Оглядевшись по сторонам и действительно не увидев нигде телефонного аппарата, Кауэрт сказал:

– А вот я у нее был.

– Очень мило с вашей стороны не забывать о моей бедной старенькой бабушке.

– Я был у нее потому, что Салливан велел мне у нее кое‑что поискать.

– Когда же Салливан мог вам это велеть?

– Перед самой казнью.

– Я не понимаю, о чем вы, мистер Кауэрт.

– Я о деревянном туалете на заднем дворе у вашей бабушки.

– Мне он никогда не нравился. Там дурно пахнет. Уже год, как мы им не пользуемся. Вместо него я сделал в доме настоящий туалет. Он обошелся мне в тысячу долларов наличными!

– Почему вы это сделали?

– Как это «почему»?! Вы думаете, зимой бегать на двор по нужде совсем не холодно?

– Я не об этом. За что вы убили Джоанну Шрайвер?

– Я никого не убивал, – смерив Кауэрта долгим взглядом, заявил Фергюсон. – И эту девочку я тоже не убивал. А я‑то думал, что вы это наконец и сами поняли.

– Вы лжете!

– Нет! – с негодующим видом воскликнул Фергюсон.

– Вы изнасиловали ее, потом убили, бросили ее тело в болото и спрятали нож в дренажную трубу под дорогой. Дома вы заметили кровь на своей одежде и на ковровом покрытии в автомобиле, отрезали кусок покрытия, сняли одежду и сбросили все это в выгребную яму, потому что знали, что никто не захочет в ней рыться.

Фергюсон покачал головой.

– Вы отрицаете это? – спросил у него Кауэрт.

– Разумеется.

– Я нашел вашу одежду и кусок ковра из вашей машины.

Журналисту показалось, что по лицу Фергюсона промелькнула тень удивления, но потом тот лишь пожал плечами:

– И вы приехали сюда из самой Флориды только для того, чтобы сообщить мне об этом?

– За что вы ее убили?

– Я же уже сказал вам, что не убивал ее.

– Лжец! Вы лгали мне с самого начала!

Кауэрт рассчитывал разозлить Фергюсона таким заявлением, но тот, по крайней мере внешне, сохранял самообладание.

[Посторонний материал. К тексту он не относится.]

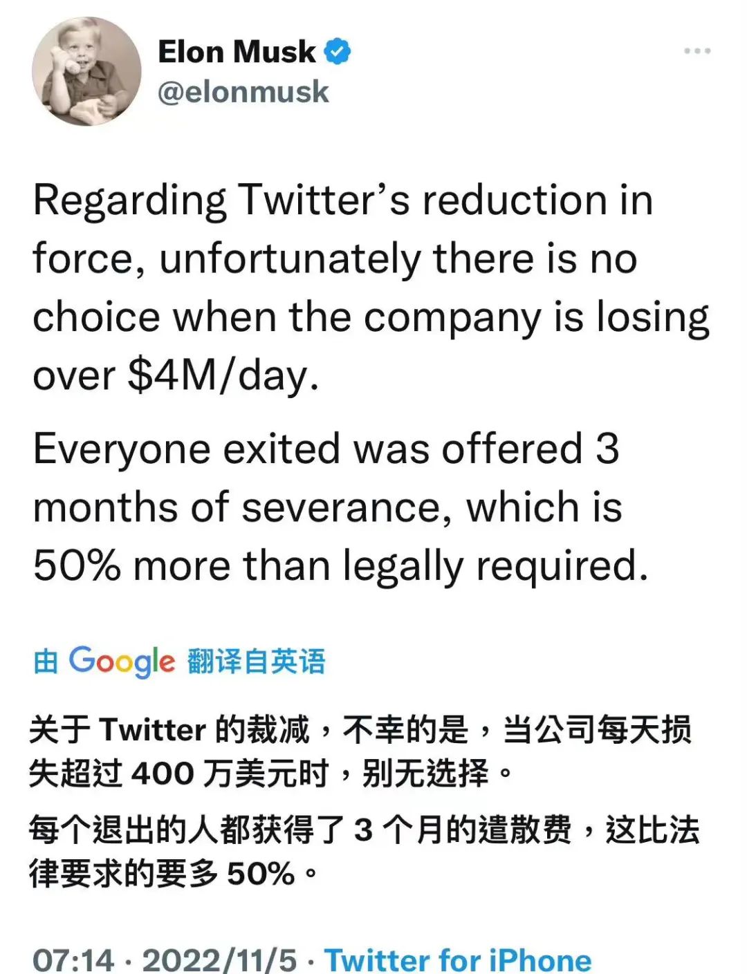 这只是马斯克新官上任放的好几把“火” 中的一个。尽管社会影响巨大,但从马斯克的角度,似乎也有不得不这么做的理由,“当公司每天亏损超过400万美元时,我们别无选择。”

Он снова улыбнулся, взял охотничий нож, взвесил его в руке и отрезал себе еще кусочек шоколадного торта.

– Салливан вам солгал, – сказал он журналисту. – А что еще он вам поведал?

– Он сказал, что это вы убили его мать и отчима в Исламораде.

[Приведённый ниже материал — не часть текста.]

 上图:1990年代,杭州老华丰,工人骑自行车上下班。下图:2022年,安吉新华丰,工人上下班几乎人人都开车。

– Я их не убивал, – покачал головой Фергюсон. – Но теперь я понимаю, почему ко мне приходила эта цыпочка с полицейским жетоном…

– За что вы убили Джоанну Шрайвер? – настаивал Кауэрт.

– Сколько раз вам повторять, что я ее не убивал?! – разозлился наконец Фергюсон.

– Откуда же у вас в выгребной яме одежда и ковер?

– Мы выбрасывали в туалет разный хлам – одежду, старые детали от автомобиля и все остальное. Я выбросил эту одежду потому, что она действительно была в крови. Но это была кровь соседской свиньи. Я помогал соседу ее зарезать. А потом по пути домой я повстречал в лесу скунса, который прыснул на меня своей вонючей жидкостью. Вонь скунса не отстираешь. А у меня как раз было немного денег, поэтому я просто выкинул старую одежду и купил новую.

– А ковер из машины?

– Ковер случайно оторвался. Я порезал его цепью бензопилы, когда положил ее в машину. Я как раз хотел заменить ковровое покрытие в машине, когда меня арестовали… Может, у вас есть результаты лабораторных анализов этой одежды, которые доказывают другое? – спросил Фергюсон.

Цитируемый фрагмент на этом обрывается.